Botulism Outbreak Suspected in Ohio
One person is dead and more than 20 are sick after a church potluck lunch
A 54-year-old woman is dead and at least 23 other people are sick after attending an Ohio church potluck luncheon, where health officials suspect patrons dined on food contaminated with the bacterium that causes botulism.
As many as 60 people attended the event Sunday at the Cross Pointe Free Will Baptist Church in Lancaster, about 30 miles southeast of Columbus, Ohio. By Tuesday, many were showing symptoms of botulism, Jennifer Valentine, a spokeswoman for the Fairfield Department of Health, told Reuters. Those symptoms include double or blurred vision, drooping eyelids, slurred speech and difficulty swallowing.

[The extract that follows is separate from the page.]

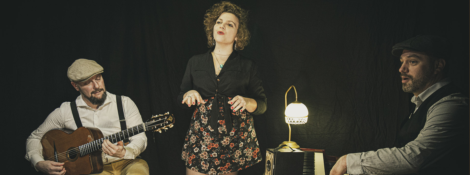 Se laisser séduire par des airs populaires souvent gravés dans notre inconscient collectif, le temps d’une soirée chaleureuse en famille ou entre amis, autour de quelques grands standards de la chanson française et du jazz manouche… Entre douceur nostalgique et entrain d’un swing revigorant, les Swing Gamblers croisent le rythme fringant porté par la guitare de Bruno Decerle (Rue des Deux Amis), dans l’ambiance chaleureusement distillée par l’orgue Hammond de Camille Mouton, tous enseignants renommés et figures de la scène jazz stéphanoise comme avec l’Organic Trio pour ces deux derniers. Au cœur de cet autre trio complice, la voix au charme naturel de Lou Rivaille, jeune chanteuse (mais aussi auteure-compositrice, pianiste et percussionniste) désormais incontournable sur de nombreux projets et qui a notamment été lauréate du Tremplin Rezzo Jazz à Vienne l’an dernier avec son quartet Elliavir. Une interprète qui sait jouer des mots et des rimes et qui aime quand la musique évoque des images et des sentiments, pour mieux nous les partager comme dans l’intimité conviviale du lycée hôtelier.

The Centers for Disease Control and Prevention (CDC) quickly sent a large quantity of botulism antitoxin to hospitals where people were being treated, and health officials administered it to people showing symptoms, Reuters reported.
What is botulism?
Botulism is a rare but serious paralytic illness caused by a nerve toxin produced by the bacterium Clostridium botulinum, according to the CDC. About 145 cases are reported each year in the United States, and of those, 15 percent are foodborne. (The others involve wound botulism and infant botulism caused by consuming the spores of the botulinum bacteria, which then grow in the intestines and release toxin.) The CDC says most food-related cases are caused by improperly home-canned foods.
With foodborne botulism, symptoms generally begin showing 18 to 36 hours after eating tainted food, the CDC says. Without treatment, botulism can lead to paralysis of the respiratory muscles, arms, legs and core.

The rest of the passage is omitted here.